ここからこれらの項目がどんな指標に関わってくるのか説明します!!

// /

大動脈瘤や大動脈解離を評価!【大動脈径・上行大動脈】

まず

✔︎大動脈径(AOD)

✔︎上行大動脈(AAO)

この2つについて!

心臓をでた大動脈は

  • 大動脈基部
  • 上行大動脈
  • 大動脈弓
  • 下行大動脈

この順で、腹部大動脈に続いていきます

大動脈径
→胸部大動脈

上行大動脈
→上行大動脈

それぞれ、以上の部位の太さを計測しています!

大動脈径の正常値は

21~35mm
(バルサルバ洞の径は30~35mm)

上行大動脈の正常値は

20~34mm

このように定義されています!

一般的に
この正常値の1.5倍以上の数値になっていたら

大動脈瘤が疑われます!

その場合、運動時の収縮期血圧の上限を設定する必要が出てきますので
リスク管理上、医師に確認が必要です!!
(離床可能な場合は140mmHg以下が多い印象です)

また、大動脈解離が疑われた際の初期診断にも使用されます

  • 大動脈の拡大の有無
  • 大動脈内のintimal flapの有無と範囲

これらを医師が診断してくれています!

確定診断するには
経食道エコーやCTによる評価が必要な場合もあるようです

大動脈解離が疑われている場合も、明確な血圧管理が必要ですし
床上安静ということも十分あり得ます!

ですので
しっかり安静度や指示血圧を確認して介入しましょう!!

また

大動脈の拡大に伴い、
大動脈弁閉鎖不全を合併することがありますので

大動脈弁の評価にも目を向けましょう!!
弁については別の記事で!

左心系負荷の重要な指標!【LAD:左房径】

次はLADについてです!!

LADは左心系への負荷を評価するための重要な指標です!!

心臓のリモデリングを反映するとも言われています!

LADを測定することで以下のことが分かります!

  • 左心不全
  • 心房細動・Pafの出現リスク

左心不全は

  • 収縮不全(十分な量の血液を駆出できない)
  • 拡張不全(肺静脈・左房からの血液を受容できない)

この2つの要因によって引き起こされます!

左房径のみでは詳細な評価は難しいため

✔︎胸部レントゲン

✔︎BNP・NT-proBNP

✔︎右心系負荷の指標など

これらの結果とともに心不全の状態を把握する材料の一つとしましょう!

左心不全の詳細については別の記事で!!

次は左房径と心房細動・Pafの関係について!

みなさんは肺静脈が心房細動のトリガーの起源になることは知っていますか?

心房細動の発生機序については
詳細に説明するとその他にも色々あるんですが

心臓 肺静脈 心房細動の機序

左房の拡大によって
肺静脈と左房の接合部が引き延ばされることによって

  • 異所性興奮(洞結節以外からの興奮)
  • 伝導の遅延
  • リエントリー

これらが生じ易くなり
心房細動の”発生””持続””再発””永続化”へと移行していきます

心房細動・Pafが生じるリスクが高くなるのは
どれくらいを目安にすればいいの?

と思う方もいるかもしれませんが、

文献によって様々でした!

3.8cm 以上の左房径拡大はpAFの独立した関連因子である

急性期脳梗塞の洞調律患者における左房径拡大と発作性心房細動の検討 藤井 修一

持続性AF患者の左心房の直径(46.7±7.8)は発作性AFの患者よりも大きい(40.1±6.9 mm; p <0.01)

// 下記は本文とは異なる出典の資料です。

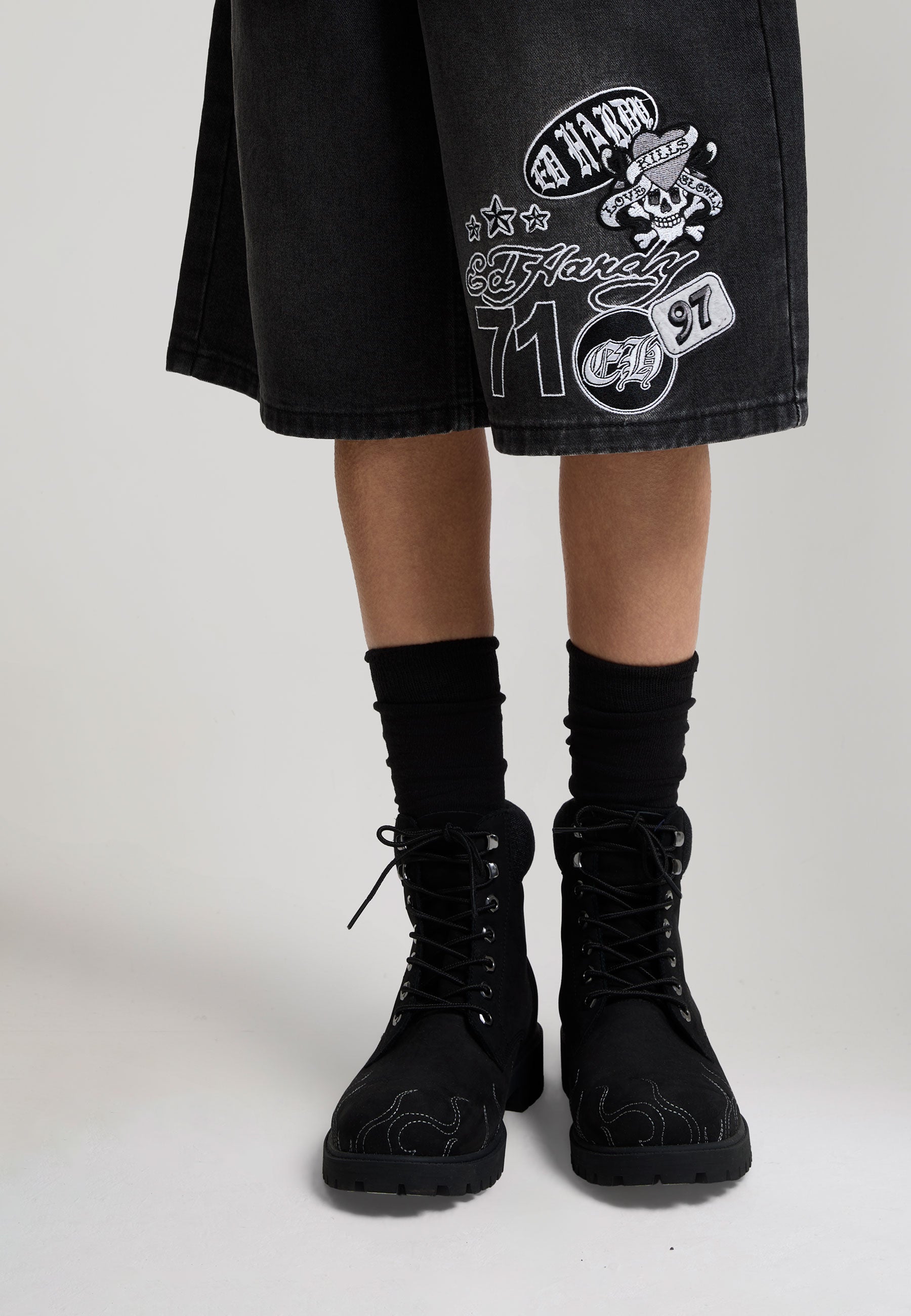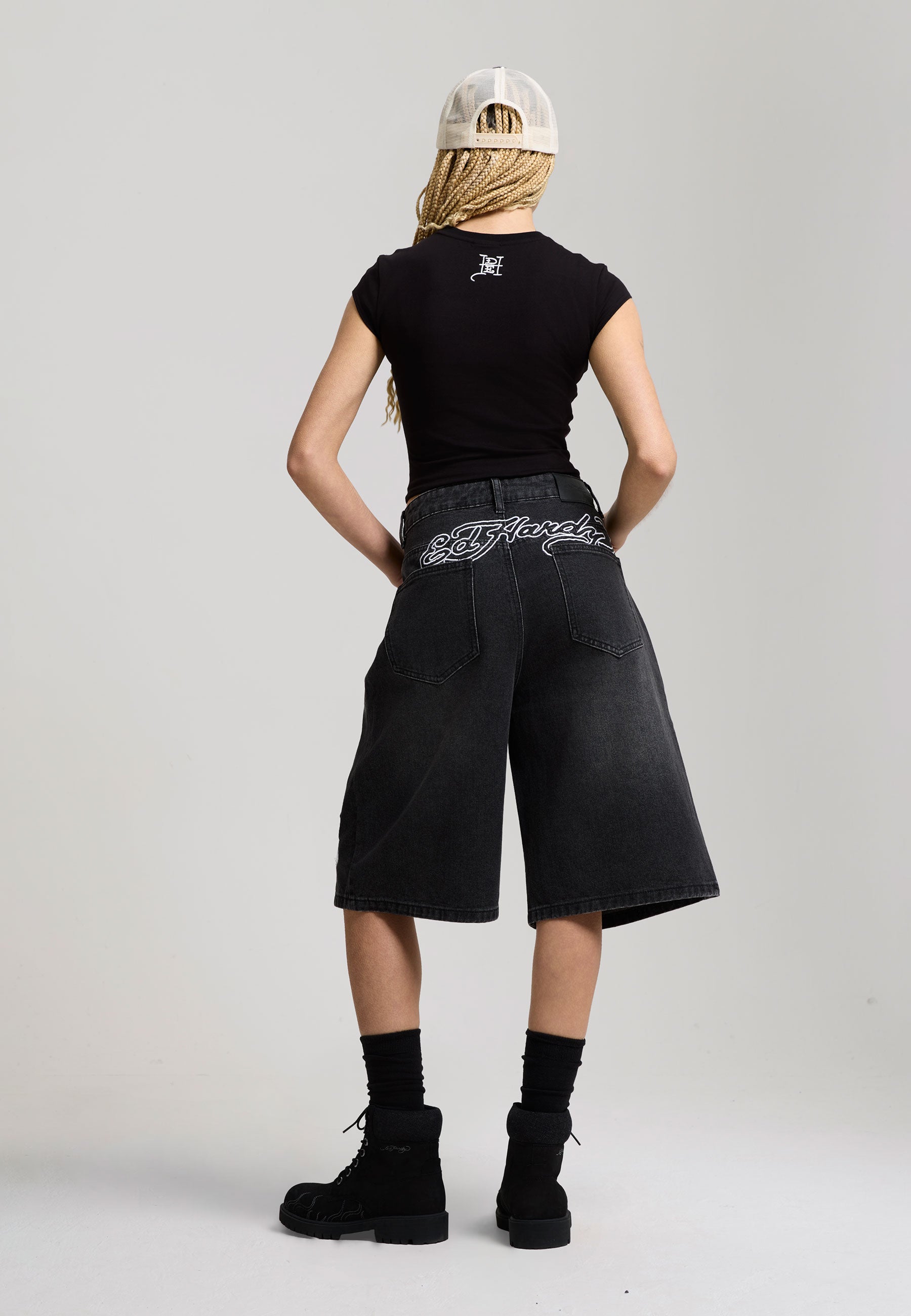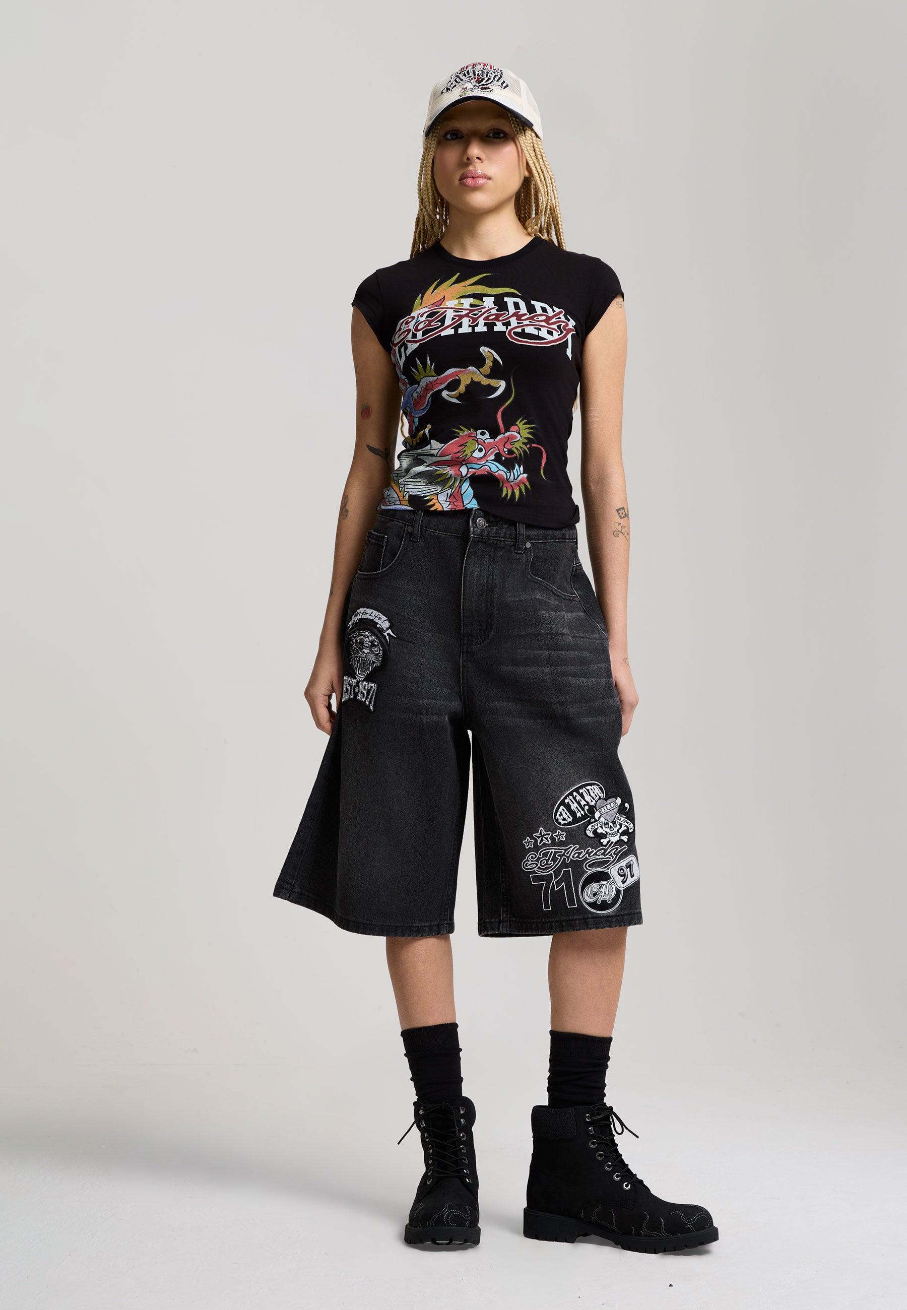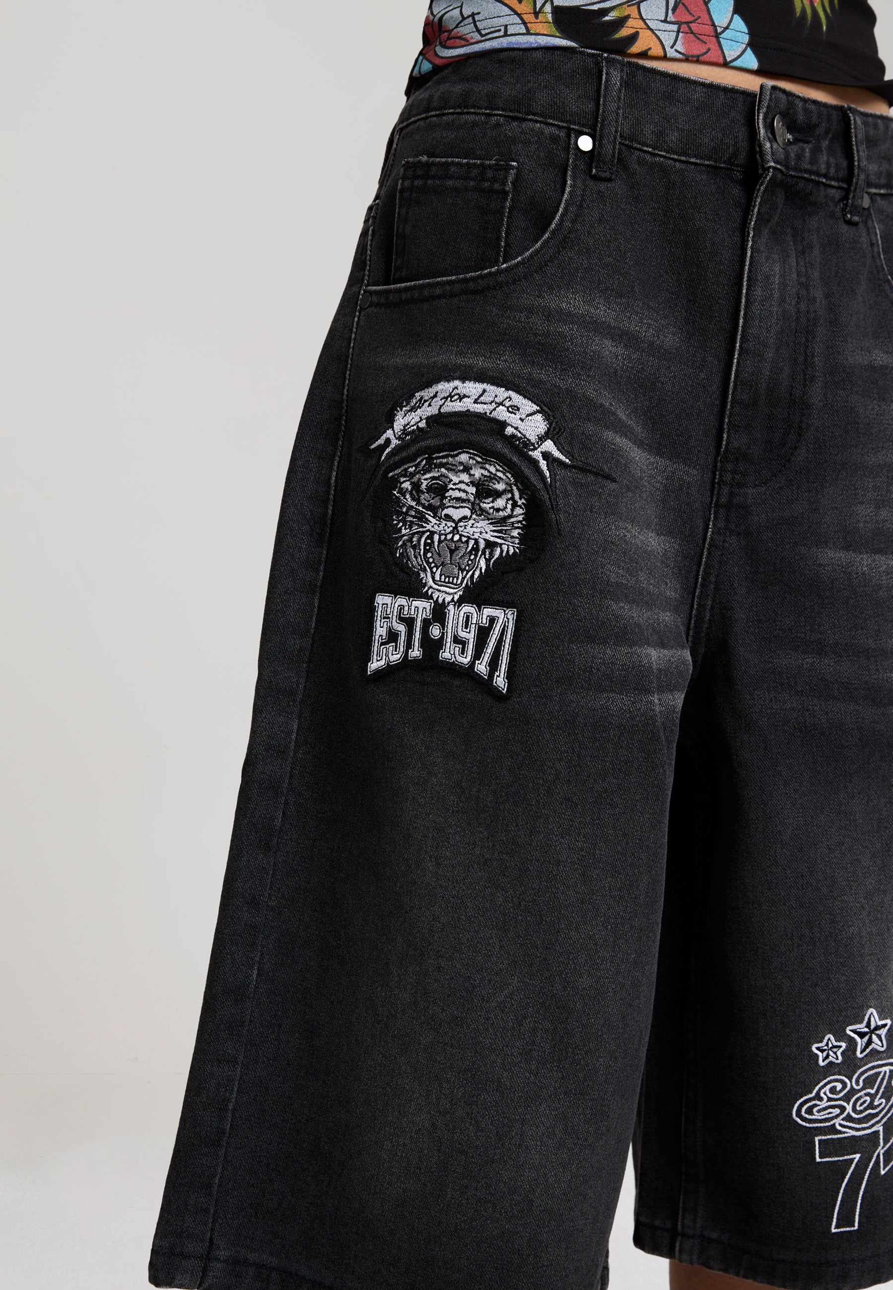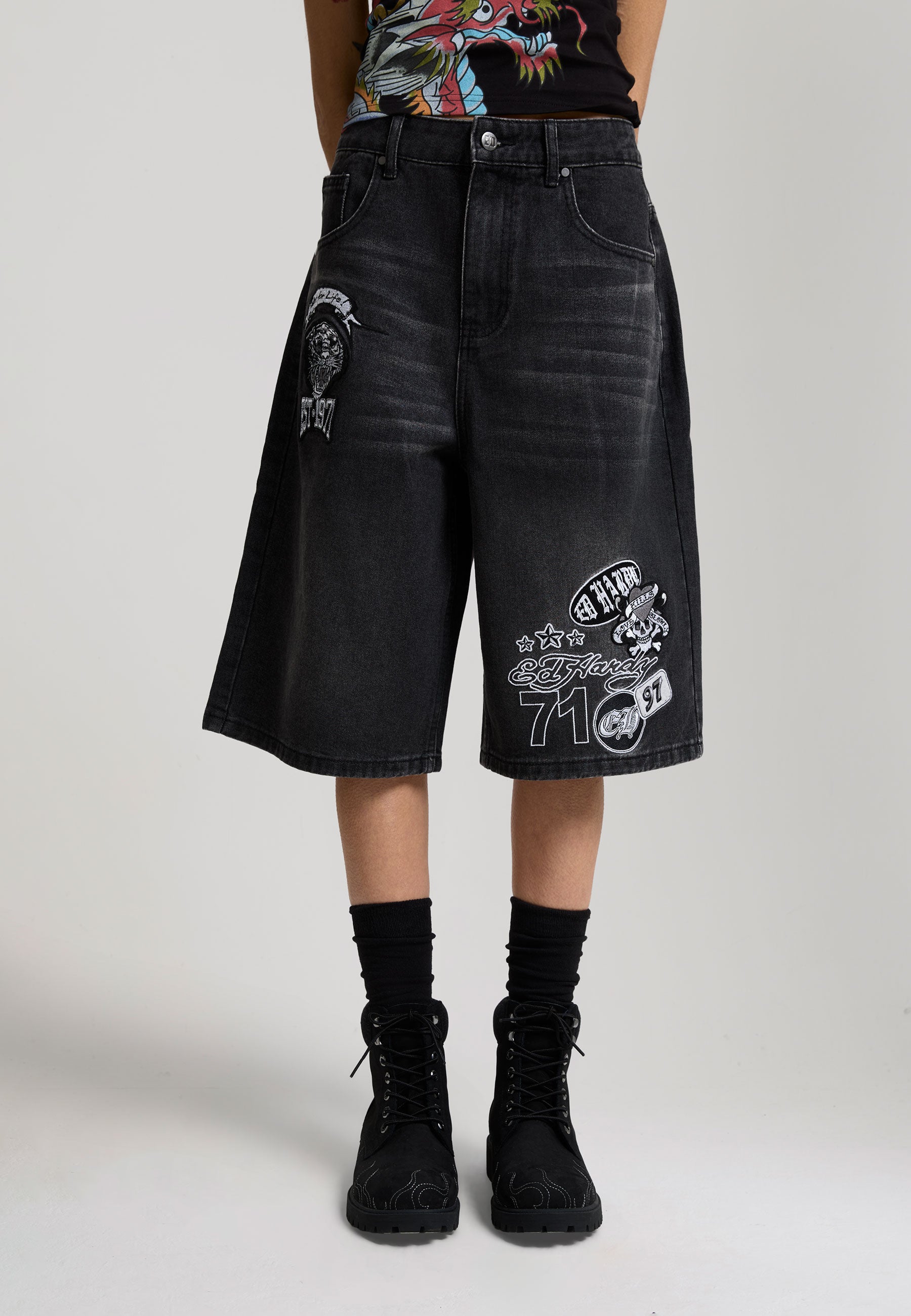 Womens Multi Badge Tattoo Denim Relaxed Jort in Black

Left atrial enlargement is an independent predictor of stroke and systemic embolism in patients with nonvalvular atrial fibrillation.         Yasuhiro Hamatani

これらの文献から
Pafや心房細動(厳密には持続性心房細動)は

40mm

この数値以上左房が拡大していれば
心房細動またはPafの発生リスクは高いと考えていいと思います!!

急性期脳梗塞患者において
非AF群と比べ、pAF 群では有意に左房拡大を認める。
よって入院時に左房拡大した症例においてはpAF の存在を考慮する必要がある。

急性期脳梗塞の洞調律患者における左房径拡大と発作性心房細動の検討 藤井 修一

脳卒中の分野でもこの知識は活かせそうですね!!
具体的なリスク管理の例としては、

心原性脳梗塞の患者において
不整脈を認めていなくても
左房が拡大した症例に対しては
発作性心房細動を疑い、モニター管理下での介入を行う!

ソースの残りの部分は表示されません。